■ Given information
---

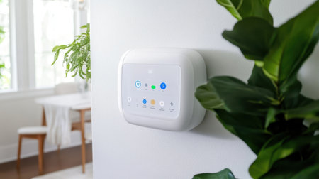 A sleek home automation panel is showcased on a smooth white wall, illuminated by natural light, complemented by vibrant foliage that enhances the room's appeal.
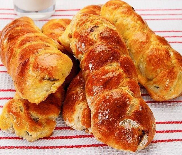 Нарядные румяные булочки без начинки. Картошка добавляется в дрожжевое тесто вместе с лимонной цедрой и изюмом. Форма булочки не важна — если не умеете плести косички, пеките просто круглую булочку.
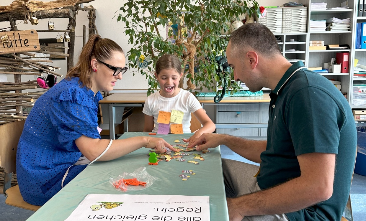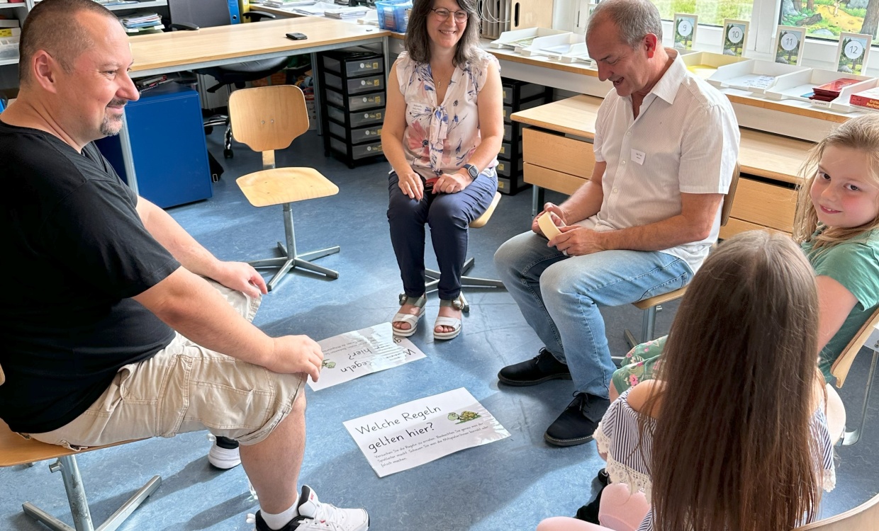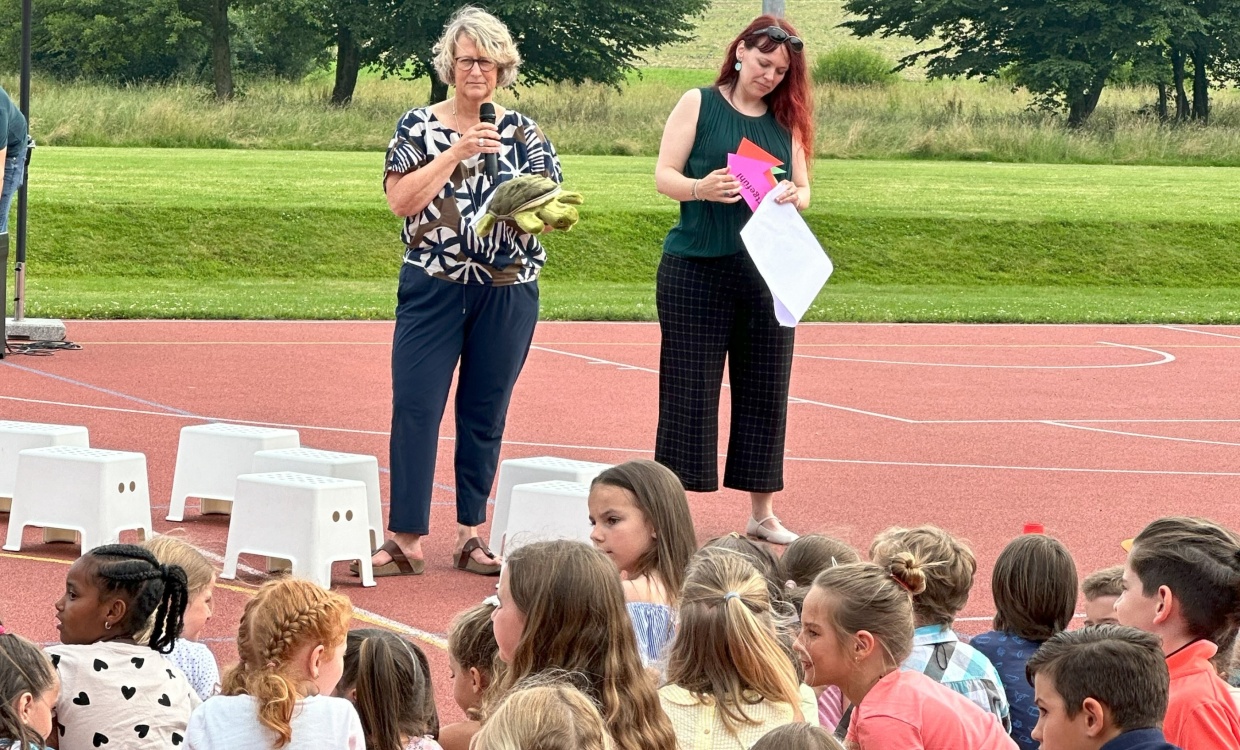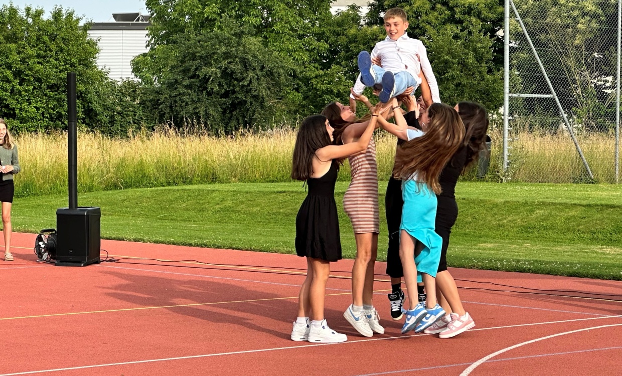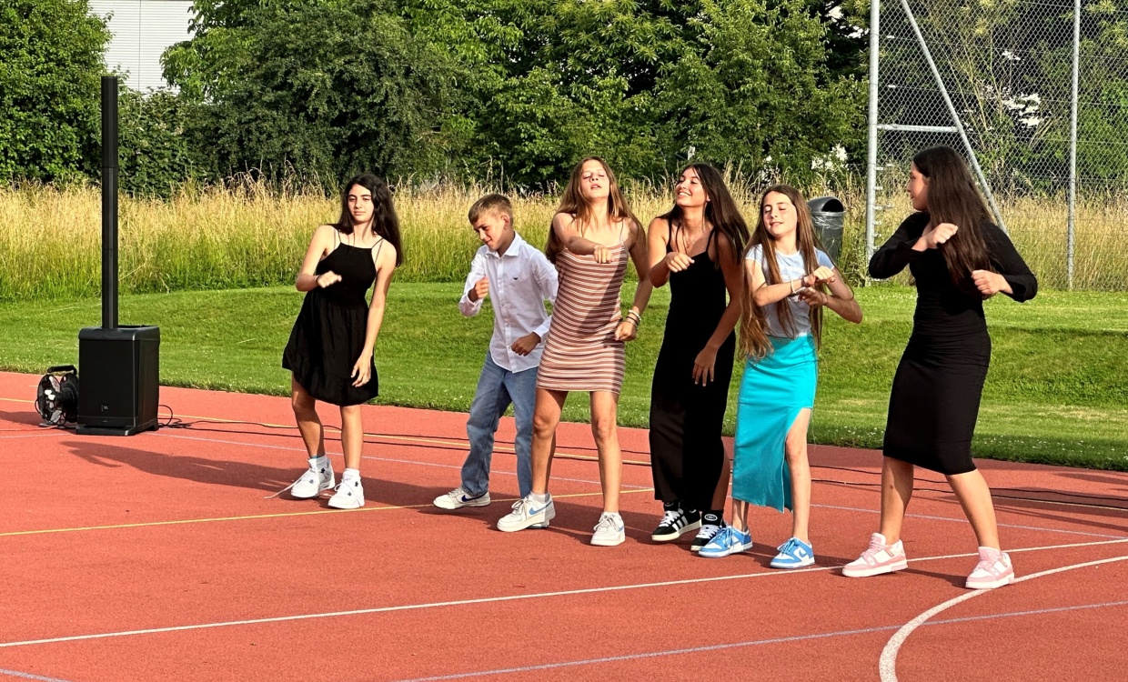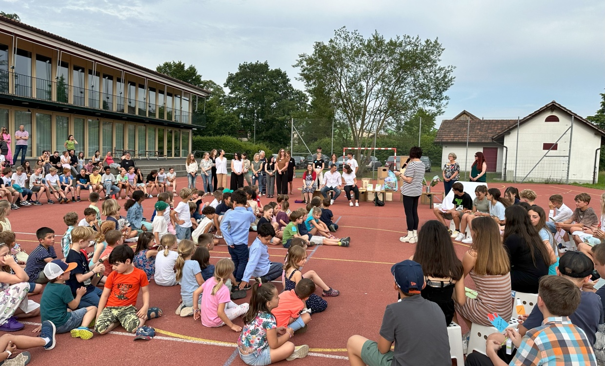 Unüblicherweise fanden sich die Kinder und Eltern dieses Jahr am Donnerstagabend für die Schulschlussfeier an der Primarschule Frasnacht ein. Nach einem kurzen Auftakt im Freien standen die Türen und Zimmer zum Ausprobieren, Austauschen und Spielen für alle Interessierten offen. Die Angebote waren inspiriert durch das Präventionsprogramm «Denk-Wege», mit welchem alle Schulklassen dieses Jahr gearbeitet haben. Es wurden Freundschaftsbändeli geknüpft, Komplimente verteilt oder sich in Selbstbeherrschung geübt. Die warmen Temperaturen trieben viele Eltern dann auch zur Festwirtschaft, welche von der Behörde bedient wurde. Nach den offiziellen Verabschiedungen folgten energiegeladene Tanzeinlagen der 6.Klässlerinnen. Beim letzten Song wurde das ganze Publikum zum Mittanzen eingeladen. Mit sehr vielfältigen Gefühlen neigte sich nicht nur die Sonne, sondern auch eine wunderbare Schulschlussfeier langsam dem Ende.

---

Reproduce the full listing above verbatim, with no pictures included.

 A sleek home automation panel is showcased on a smooth white wall, illuminated by natural light, complemented by vibrant foliage that enhances the room's appeal.
 Нарядные румяные булочки без начинки. Картошка добавляется в дрожжевое тесто вместе с лимонной цедрой и изюмом. Форма булочки не важна — если не умеете плести косички, пеките просто круглую булочку.
 Unüblicherweise fanden sich die Kinder und Eltern dieses Jahr am Donnerstagabend für die Schulschlussfeier an der Primarschule Frasnacht ein. Nach einem kurzen Auftakt im Freien standen die Türen und Zimmer zum Ausprobieren, Austauschen und Spielen für alle Interessierten offen. Die Angebote waren inspiriert durch das Präventionsprogramm «Denk-Wege», mit welchem alle Schulklassen dieses Jahr gearbeitet haben. Es wurden Freundschaftsbändeli geknüpft, Komplimente verteilt oder sich in Selbstbeherrschung geübt. Die warmen Temperaturen trieben viele Eltern dann auch zur Festwirtschaft, welche von der Behörde bedient wurde. Nach den offiziellen Verabschiedungen folgten energiegeladene Tanzeinlagen der 6.Klässlerinnen. Beim letzten Song wurde das ganze Publikum zum Mittanzen eingeladen. Mit sehr vielfältigen Gefühlen neigte sich nicht nur die Sonne, sondern auch eine wunderbare Schulschlussfeier langsam dem Ende.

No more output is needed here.